Understanding AtomicInteger: Optimistic Locking and CAS in Java
AtomicInteger provides a thread‑safe, lock‑free counter in Java by employing optimistic locking and CAS operations, offering higher efficiency than synchronized blocks; the article explains its motivation, usage examples, underlying Unsafe mechanisms, volatile semantics, and key methods such as incrementAndGet and compareAndSet.
1. Why introduce AtomicInteger?
When discussing thread safety, synchronized and Lock are often mentioned, but they are pessimistic locks that allow only one thread at a time and can be inefficient; optimistic locking avoids locking by retrying on conflict, and AtomicInteger implements this, offering higher efficiency.
AtomicInteger guarantees thread safety using optimistic locking, making it more efficient than pessimistic locks.

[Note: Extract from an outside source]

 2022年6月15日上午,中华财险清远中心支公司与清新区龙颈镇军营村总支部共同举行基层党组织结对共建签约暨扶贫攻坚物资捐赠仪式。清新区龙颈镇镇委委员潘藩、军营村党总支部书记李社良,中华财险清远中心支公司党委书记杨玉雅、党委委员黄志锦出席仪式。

When multiple threads perform CAS on a variable, only one succeeds while others fail and can retry or give up.
2. AtomicInteger principle analysis
2.1 Specific usage
To count web page visits, a simple count++ is not thread‑safe.
Lock‑based implementation:
class Counter {
private volatile int count = 0;
public synchronized void increment() {
count++;
}
public int getCount() {
return count;
}
}AtomicInteger implementation:
class Counter {
//使用AtomicInteger之后,不需要加锁,也可以实现线程安全。
private AtomicInteger count = new AtomicInteger();
public void increment() {
count.incrementAndGet();
}
public int getCount() {
return count.get();
}
}2.2 Underlying mechanism
AtomicInteger defines a static Unsafe instance and a valueOffset that points to the memory offset of the internal volatile int field.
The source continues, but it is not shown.